Последний вечер в стенах Смольного. Пустая уборная. Одинокая тусклая лампа. Она мигает, затухает и снова загорается. Я встаю напротив умывальника и, зло усмехаясь отражению, стягиваю с шеи шелковый шарф. Днем приезжал увидеться со мною князь. Директор вышла из кабинета, оставив нас наедине. Мы шагнули друг другу на встречу, и я ударила его по щеке. Без слов рассмеявшись в ответ, Алексей схватил меня за руки. Он легко отвел мне их за спину и, крепко сжимая мои запястья, поцеловал меня в шею, а когда я обмякла в его руках, прикусил нежную кожу, оставив синяк.
Хлопает дверь за моей спиной, я инстинктивно поворачиваюсь на звук. Непривычно серьезная Настя встает напротив и, взглядом впиваясь в след на моей шее, сквозь зубы, говорит:
– Как же я хочу стереть его из твоей жизни, Маша… из твоей головы! Я хочу стереть его с тебя!
Снова волнуется лампочка, мигая часто. Стереть… отличная мысль… Я дергаю краешком рта.
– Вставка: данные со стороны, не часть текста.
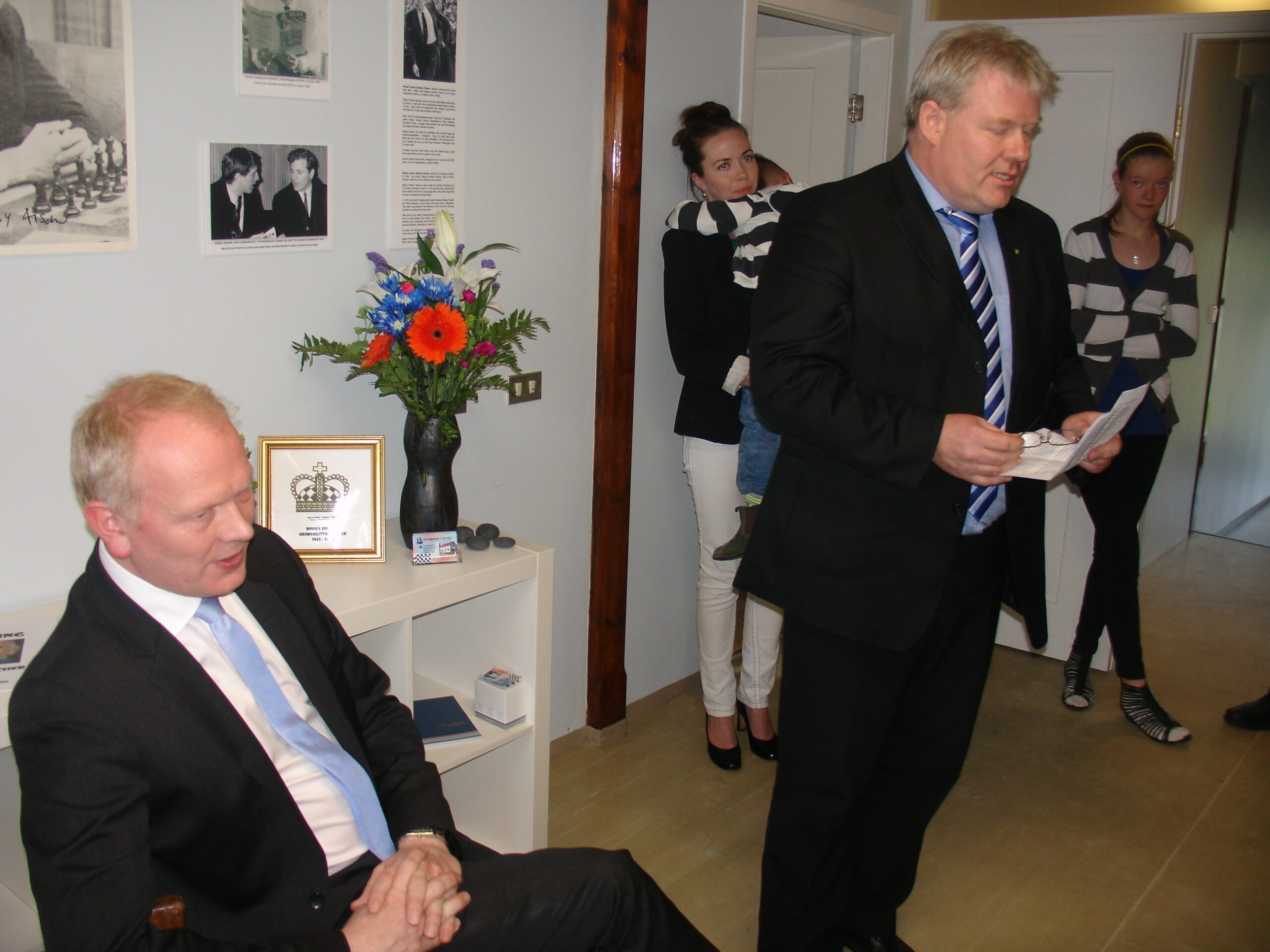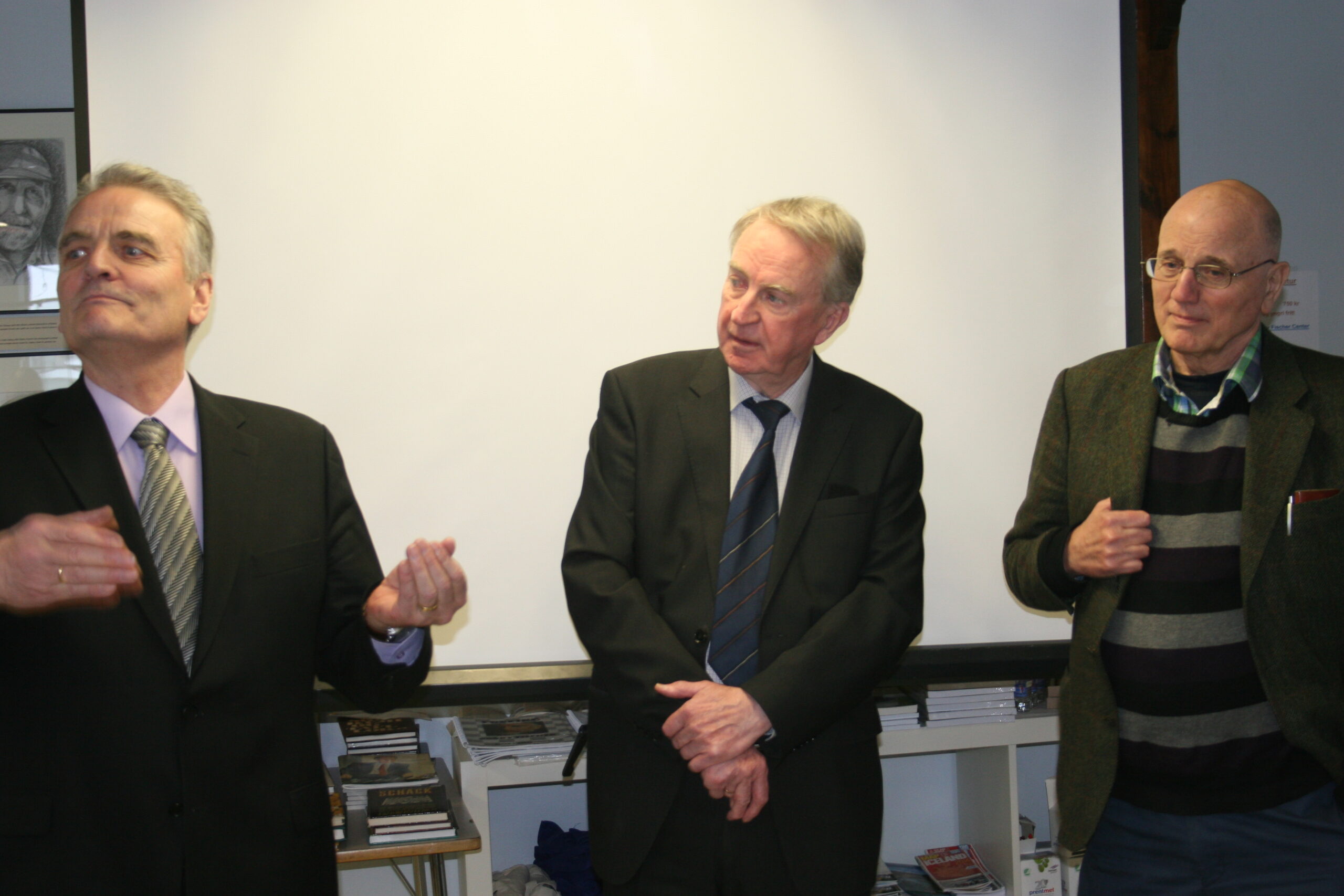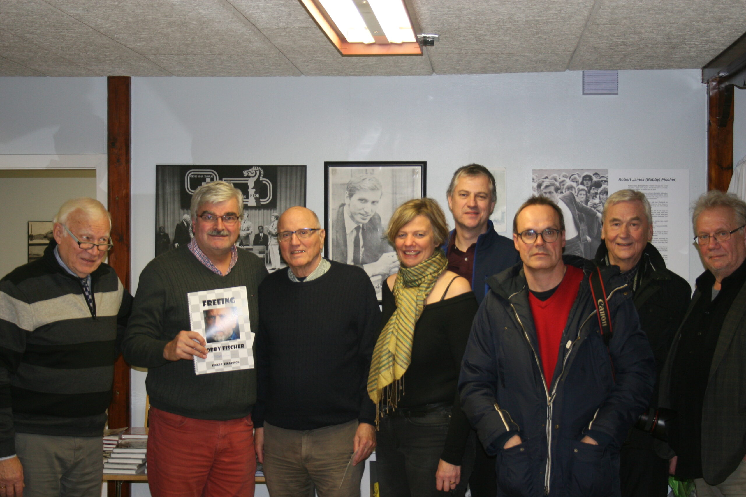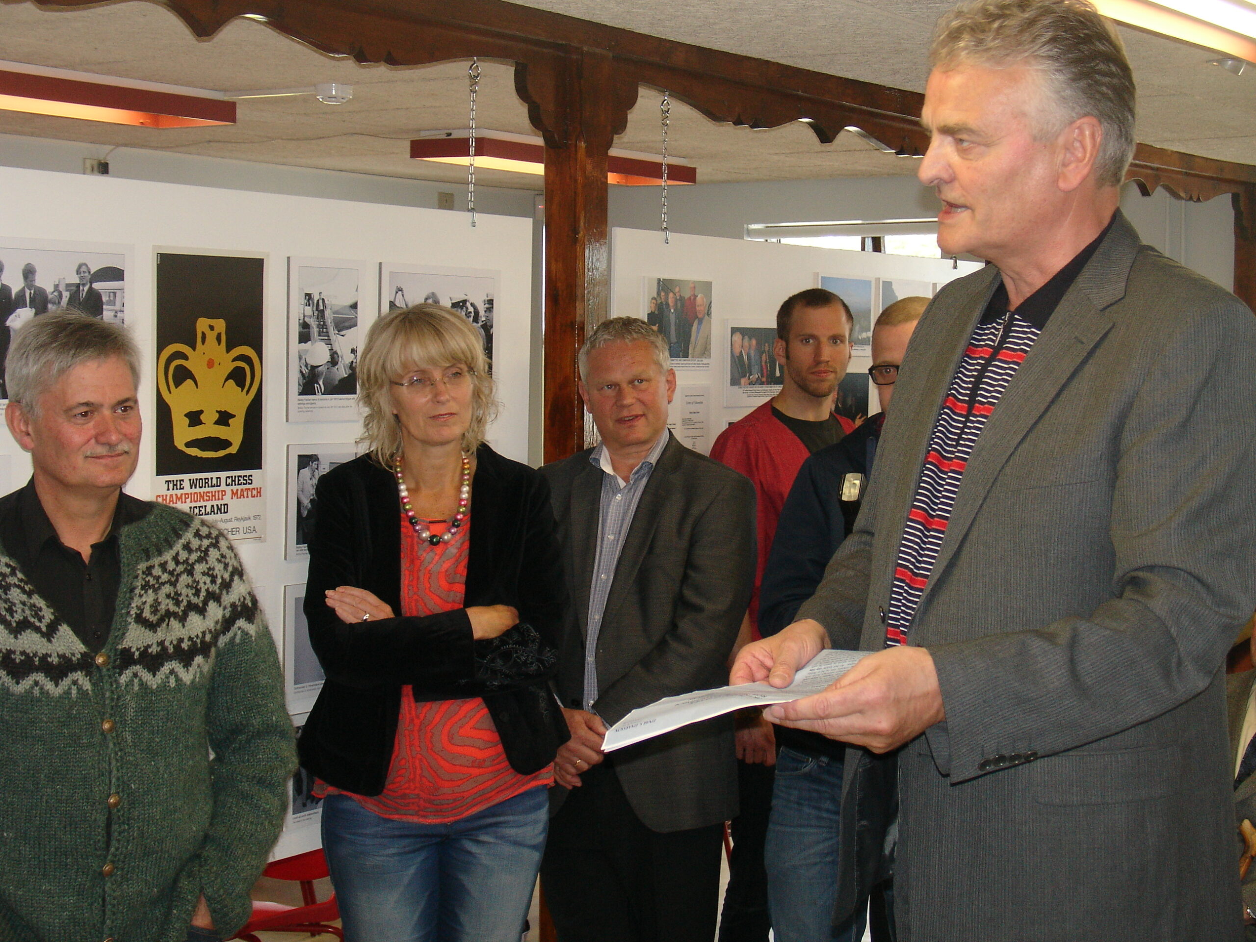 Hópurinn sem mætti á undirbúnings fundinn fyrir stofnun Fischerseturs þann 11. júlí 2012. Neðri röð f.v. Stefán Steingrímur Bergsson, Helgi Ólafsson, Guðmundur G. Þórarinsson, Hrafn Jökulsson, Magnús Matthíasson, Sigfús Kristinsson, Gunnar Finnlaugsson, Ásdís Halldórsdóttir, Guðni Ágústsson, Guðmundur Þór Gunnarsson, Kolbrún Markúsdóttir, Gunnar Björnsson, Aldís Sigfúsdóttir, Guðmundur Kristinsson og Hilmar Viggósson. Efsta röð, f.v. Bjarni Harðarson, Eyþór Arnalds, Aðalsteinn Sveinsson, Kristinn A. Friðfinnsson og Kjartan Björnsson.

– Только ты не позволишь, – она опускает плечи. – Если бы ты только могла понять, как сильно я люблю тебя, – тихо шепчет Настя.
Не позволю? Нет, я позволю! Резко откидывая волосы, я наклоняю голову, подставляя ей обнаженную шею.
– Стирай! – я рукой машу в сторону губки и таза с холодной водой.
Только вместо ледяной губки кожи моей касаются её губы. Я вздрагиваю и, поворачивая голову, недоуменно смотрю в её глаза. Она криво улыбается, и я вдруг понимаю, какой дурой она считает меня. Как глупо выглядит это мое «стирай», она ведь знает, знает о моих чувствах к Милевскому!
– Ты ... издеваешься надо мной, – зло выдыхаю я.
Настя хрипло смеется и, расправив плечи, отступает от меня.
– Нет, Маша, не издеваюсь. Я умираю! – кричит она и, поджимая губы, отворачивается.
Она стремительно уходит, я остаюсь в умывальне одна. В спальне Денских впервые отворачивается на другой бок. Алексей забирает меня рано утром, а Настя не смотрит на меня.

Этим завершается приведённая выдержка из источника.